A Future Thrust Upon Local Business
It’s become a widely-accepted narrative that the COVID-19 pandemic not only accelerated the Fourth Industrial Revolution, but in fact revolutionised how many businesses operate. Except for essential services like grocery stores and hospitals, everyone — from large corporates, to family-owned businesses in South Africa — was forced to close shop as they knew it overnight when Level 5 lockdown was announced.
Call centres and office parks were essentially deconstructed and those who were able to, kitted their staff out to work from home. This process included the almost instantaneous creation of policies for “remote management of staff,” purchasing of internet dongles for employees who did not have reliable internet connections at home, and excusing the occasional toddler popping in during a Teams meeting. Many companies were unfortunately also forced to place staff on reduced salaries and later downsize as a result of the economic impact of the pandemic.
Reinventing the Marketing Wheel
In addition to the economic effects of the pandemic, the fluctuating lockdown levels also compelled people who otherwise shied away from technology to embrace it in order to connect with loved ones or (at some point) access take-out meals.
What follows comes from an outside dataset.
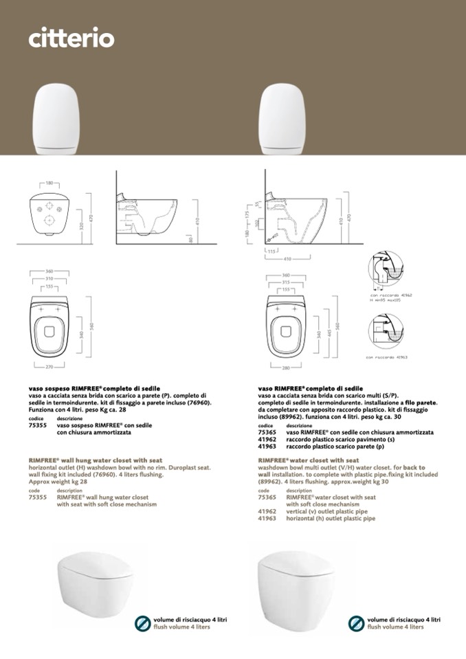 sedile in termoindurente. kit di fissaggio a parete incluso (76960).

This created an opportunity for businesses to engage with a greater demographic of consumers in real-time and become more innovative with their advertising.
Over the past 18 months, marketing teams and advertising agencies have also had to rethink how they approach consumers, from adopting digital marketing campaigns, to redesigning their messaging to be less “pushy” and more compassionate.
For small businesses who were now unable to hand out pamphlets outside their stores, it meant venturing into the world of social media or creating a website to advertise their goods and services as lockdown restrictions eased. Digital transformation become a buzz word, as business owners integrated new technologies and shifted their mindsets from the proverbial brick-and-mortar way of thinking.
Investing in Online Customer Journeys
Digital branding is not merely about creating a social media account for your business, it’s about sending a message to your customer about who and what your business is all about.
On any given day, there are dozens of people selling the same goods and services on Facebook, often at similar prices. So, what drives customers to purchase from one seller instead of the other?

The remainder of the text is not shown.